On April 9, 1926, Pilot Leon D. Cuddeback flew the first eastbound CAM-5 flight, leaving in the early dawn hours from Pasco.

==Later history==
Varney added a Breese-Wilde Model 5 and replaced its original Swallows with Stearman C3s and thereafter upgraded as new equipment became available. Subsequent aircraft included the larger Stearman M-2 Speedmail and the Boeing Model 40 dedicated mail planes, and finally the more modern Boeing 247 twin-engine monoplane. Arriving in 1933, the 247 greatly expanded Varney's ability to carry passengers as well as mail.

Varney soon added Salt Lake City, Portland, and Seattle to its route.

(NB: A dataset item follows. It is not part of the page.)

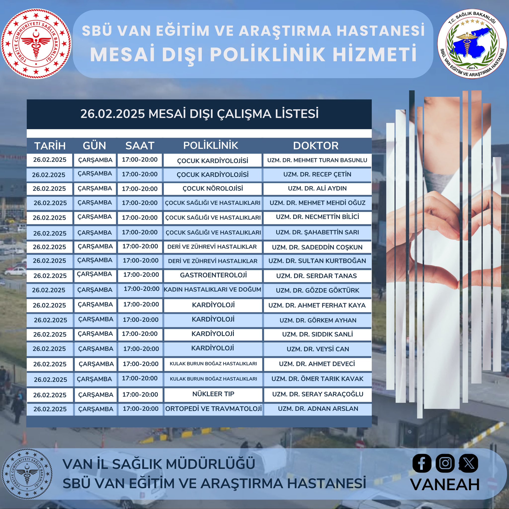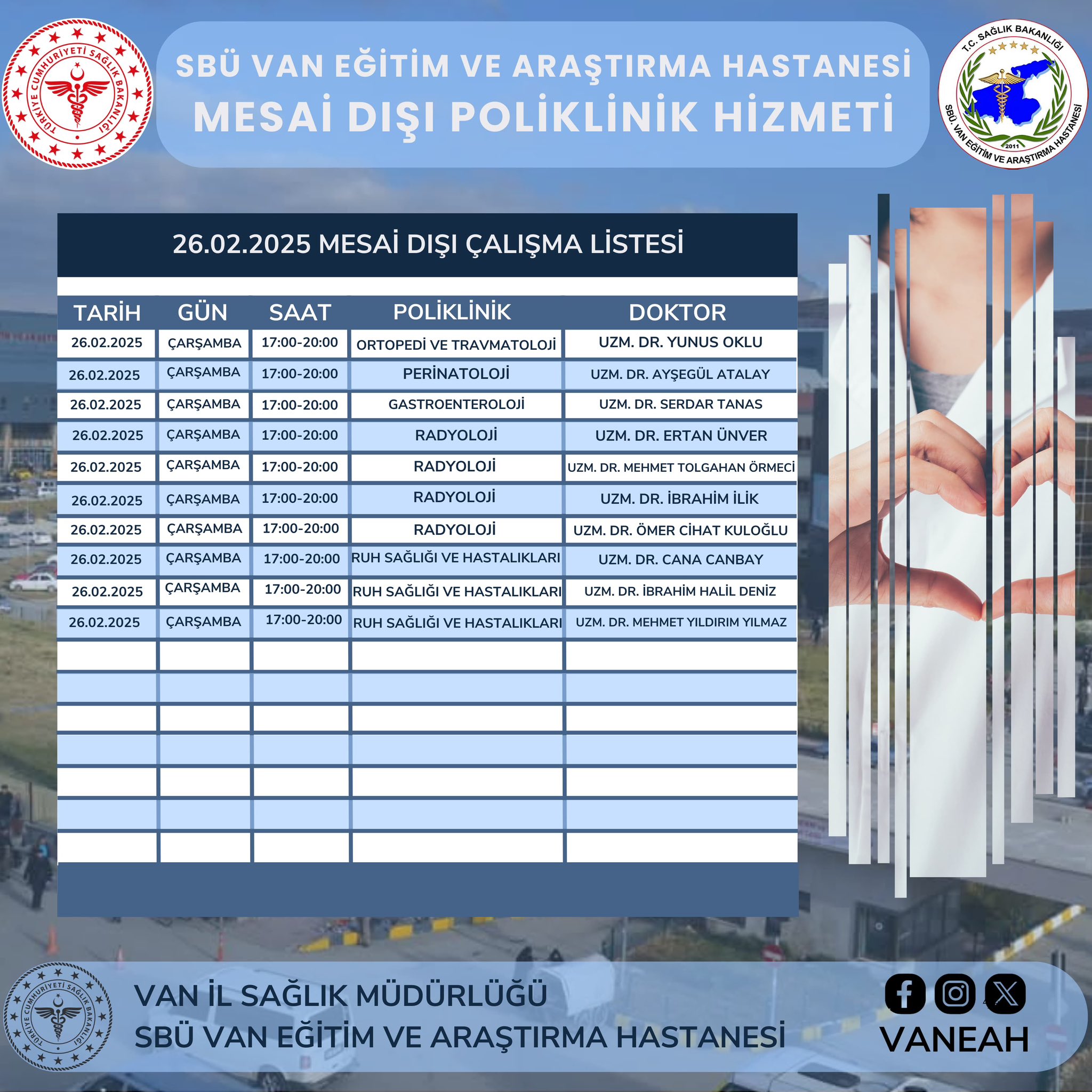 Son dönemlerde yapılan sağlık yatırımları ile Van ve bölge illere hizmet veren Sağlık Bilimleri Üniversitesi(SBÜ) Van Eğitim ve Araştırma Hastanesi, vatandaşların sağlık hizmetlerinden etkin bir şekilde faydalanabilmesi ve mevcut poliklinik hizmetlerinde yaşanan yoğunluğun azaltılması için belirli poliklinikler mesai sonrası da hizmet vermeye başladı. Randevular 182’i arayarak yada MHRS sistemi üzerinden alınabilecek.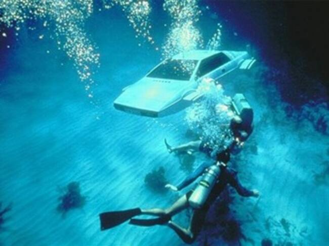 Tras caer el coche al mar desde un muelle, la escena del filme de 1977 muestra cómo el vehículo se convierte en un coche submarino, aunque en realidad son dos distintos

In 1930, Varney was acquired by United Aircraft and Transport Corporation, itself formed by a merger of Boeing and Pratt & Whitney Aircraft, and folded into its airlines group along with the other acquired airlines: Pacific Air Transport, Boeing, and National Air Transport.

In 1934, the Air Mail scandal resulted in the passage of the Air Mail Act which forbade aircraft manufacturers from operating airlines. As a result, United Aircraft and Transport Corporation was broken up. The airlines group became United Airlines. Since Varney was a part of United, the founding year of United is 1926, and making United the oldest commercial airline in the United States.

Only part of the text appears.